When: Oct 01 2024 @ 10:30 AM
Where: Hackerman B-17
Categories:
Department of Computer Science Distinguished Lecture Series.

Refreshments are available starting at 10:30 a.m. The seminar will begin at 10:45 a.m.

Abstract

The use of AI in improving medical decision-making is one of the most promising avenues for impact. However, turning these ideas into commonly used tools has been significantly harder and slower than predicted. Suchi Saria’s research has focused on closing fundamental technical gaps related to the development and robust translation of AI-based medical tools from messy, multimodal observational datasets. Her industry experience has given her a firsthand view into hurdles that must be tackled for scaling these solutions in the real world. In 2022, her team published three manuscripts featured on the cover of Nature Medicine that shared results from one of the largest real-world evaluations of a medical AI tool to date; these studies were also the first to show the impact of AI on saving lives. Based on these results, her team achieved FDA Breakthrough status. This talk will give an overview on what it takes to go from an idea to a bedside tool. Along the way, Saria will give pointers on new technical ideas and open research problems in AI safety, human-machine teaming, and modeling multimodal temporal data.

Speaker Biography

Suchi Saria holds a John C. Malone endowed chair and is the director of the AI and Health Lab at the Johns Hopkins University, where she is jointly appointed as faculty in the Departments of Computer Science and Health and Policy Management. She is also the founder of Bayesian Health, a clinical AI platform company spun out of Hopkins that augments care teams by bringing together state-of-the-art AI/ML technology combined with responsible AI best practices to dramatically improve quality while saving clinicians’ time. Dr.

Saria’s work in AI over the last two decades has led to foundational advances in the technology, best practices around translation, and policy. She has written several seminal papers in AI/ML around issues of learning robust models, detecting drifts, and monitoring and learning from messy real-world datasets. Her applied research has built on these technical advances to develop novel next-generation diagnostic and treatment planning tools that use AI/ML to individualize care. Her work has been funded by leading organizations including the NSF, DARPA, the FDA, the National Institutes of Health, and the CDC, and she regularly serves as a scientific advisor to leading Fortune 500 companies.

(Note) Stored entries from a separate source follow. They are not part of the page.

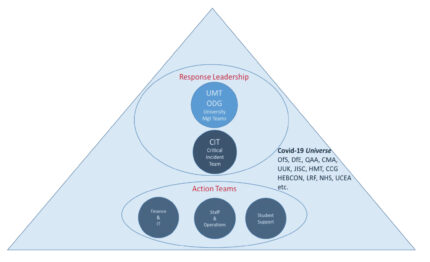At Northampton we have used components of the VUCA model to underpin our rapid response to Covid-19. Instead of the top-down Gold-Silver-Bronze command structure we have restructured around the concept of a Network of Teams. This problem-solving response confers authority and decision making across a distributed but interconnected network, following a commonly agreed set of priorities.
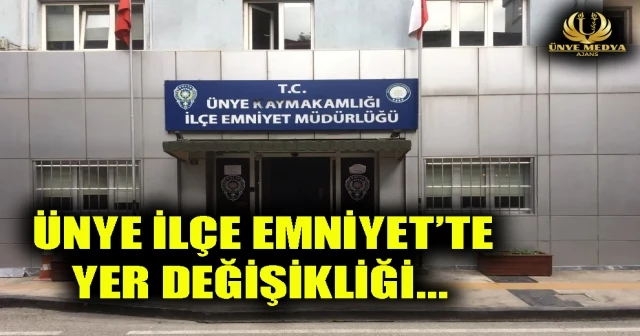 Ünye İlçe Emniyet Müdürlüğü hizmet binasında bulunan Polis Merkezi Amirliği ile Emniyet Müdürlüğü ek hizmet binasında bulunan Trafik Tescil ve Denetleme Büro Amirliği yer değiştirdi.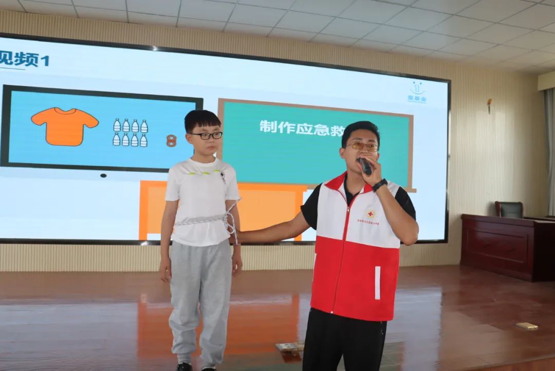活动伊始,红十字应急救护师资闫明明结合近年来发生的溺水事故案例,详细分析了溺水事故的危害性和严重后果,强调了防溺水安全教育的重要性,同时,现场进行应急救援衣制作和溺水救援的演示,他要求全体学生要牢固树立安全意识,严格遵守防溺水“六不”原则,做到远离危险水域,珍爱生命。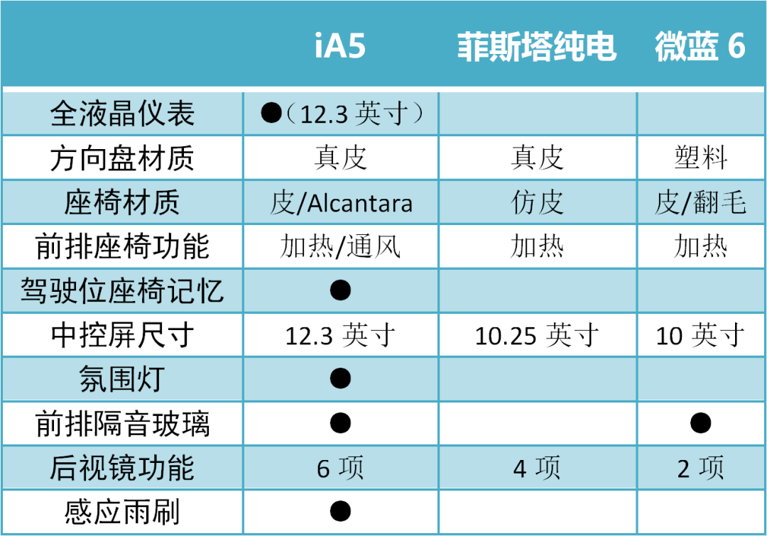 可以发现,iA5的比如说双12.3英寸仪表、皮质和翻毛材质结合的座椅、前排的通风加热座椅、丰云悦享车联网等配置,无不体现了其豪华舒适的取向。相比之下,菲斯塔纯电和微蓝6的配置则要稍微差一些,并且在一些体现舒适性和豪华感的配置上多有缺失。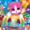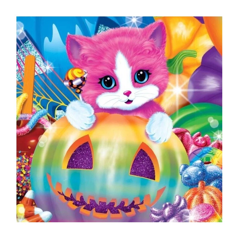 "Handmade" 80's Rainbow Halloween Kitty in Pumpkin 8x8 Cotton Fabric Block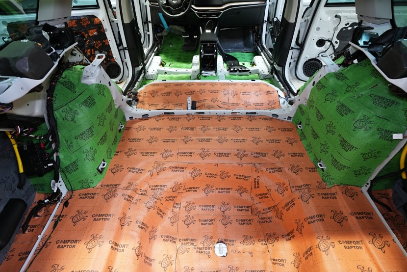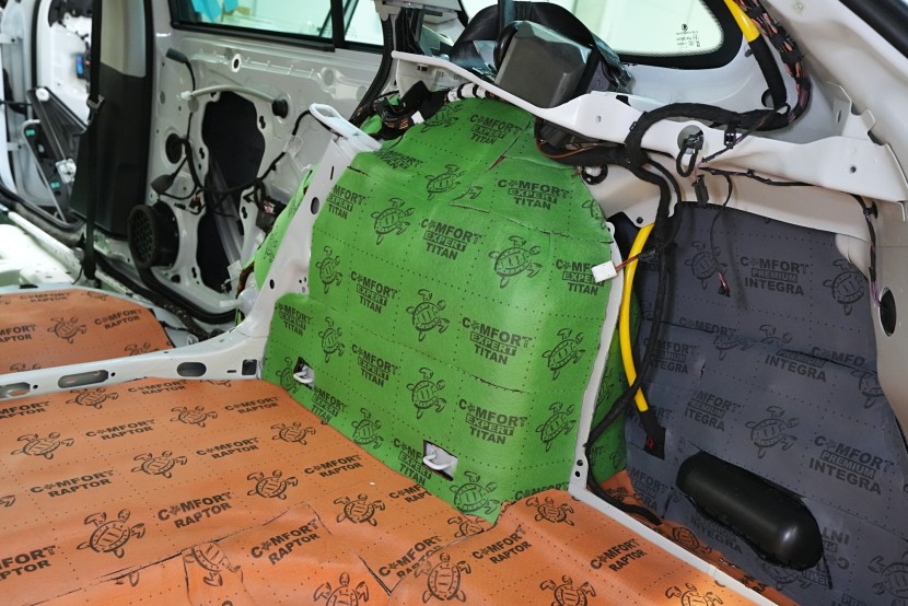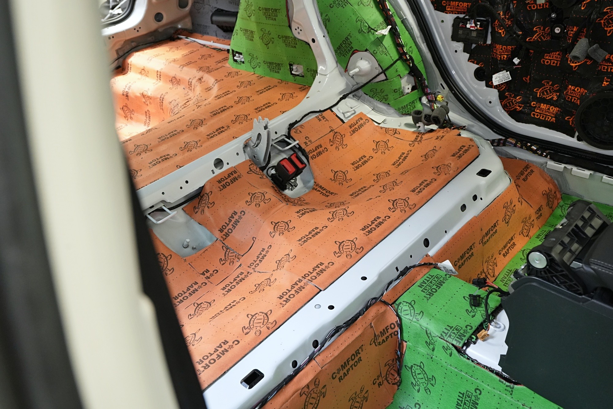 Na prostor pod zadními sedačkami i ve druhé vrstvě aplikujeme membránový zvukově izolační materiál se sníženou tloušťkou, avšak nikoliv na úkor účinnosti. Oranžový Comfortmat Raptor s celkovou tloušťkou pouhých 4 mm obsahuje protihlukovou membránu o síle 2 mm, která přispívá ke schopnosti zvukové izolace až 30 dB. Díky uvedeným vlastnostem je Raptor optimálním řešením pro tyto stísněné prostory.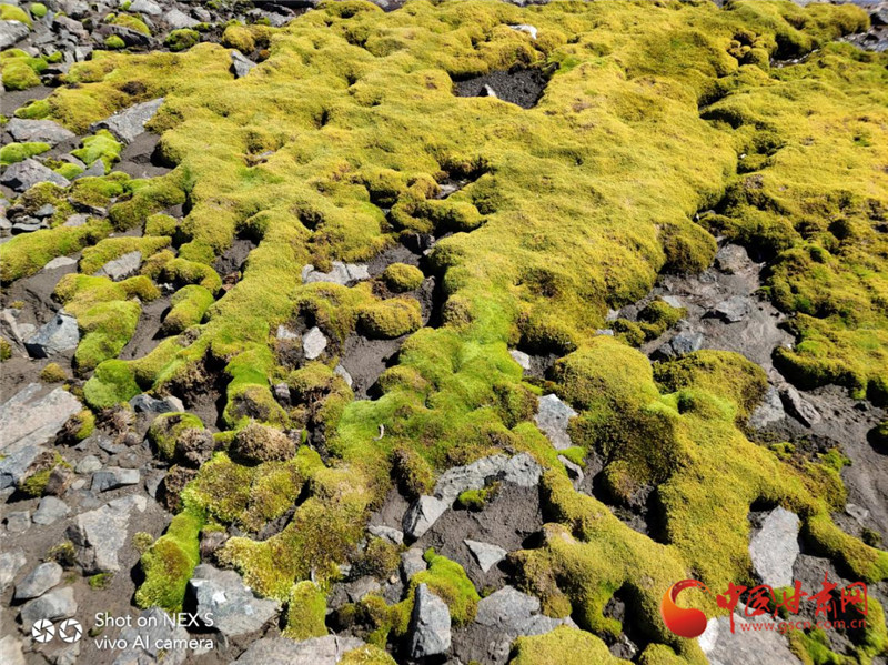 “厚厚的苔蘚遠(yuǎn)看像一大片草原,近看這‘綠絨毯’上還長(zhǎng)著南極發(fā)草呢。有時(shí)候我覺(jué)得大自然也很神奇,在這么惡劣的自然條件下,竟然還有生長(zhǎng)如此茂盛的植物。”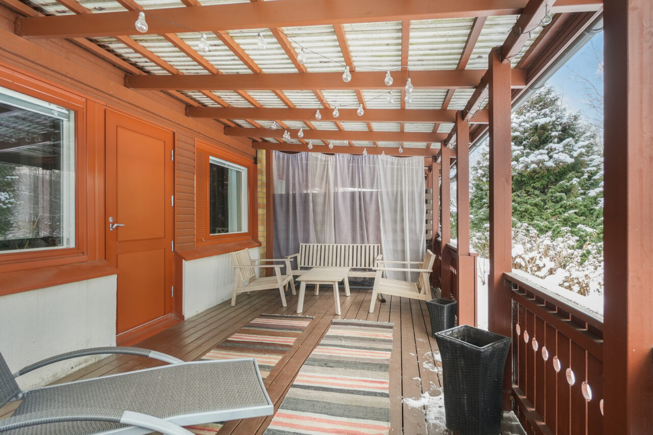 • Tehdyt korjauksetTerassin rakentaminen, lattiat hiottu ja sävytetty, eteisen kaapisto asennettu ja katot, valaistus ja katkaisijat uusittu.

Saria completed her PhD in AI at Stanford University. In 2024, she received an honorary doctorate from Mount Holyoke College. Saria is a Sloan Research Fellow; has been named to IEEE Intelligent Systems’ “AI’s 10 to Watch,” to Modern Healthcare’s Top 25 Innovators, and a World Economic Forum’s Technology Pioneer; and her work was recognized as one of TIME’s Best Inventions of 2023. Saria is on the board of the Coalition of Health AI, the editorial board of the Journal of Machine Learning Research, and serves on the steering committee of the National Academy of Medicine’s Health Care Artificial Intelligence Code of Conduct.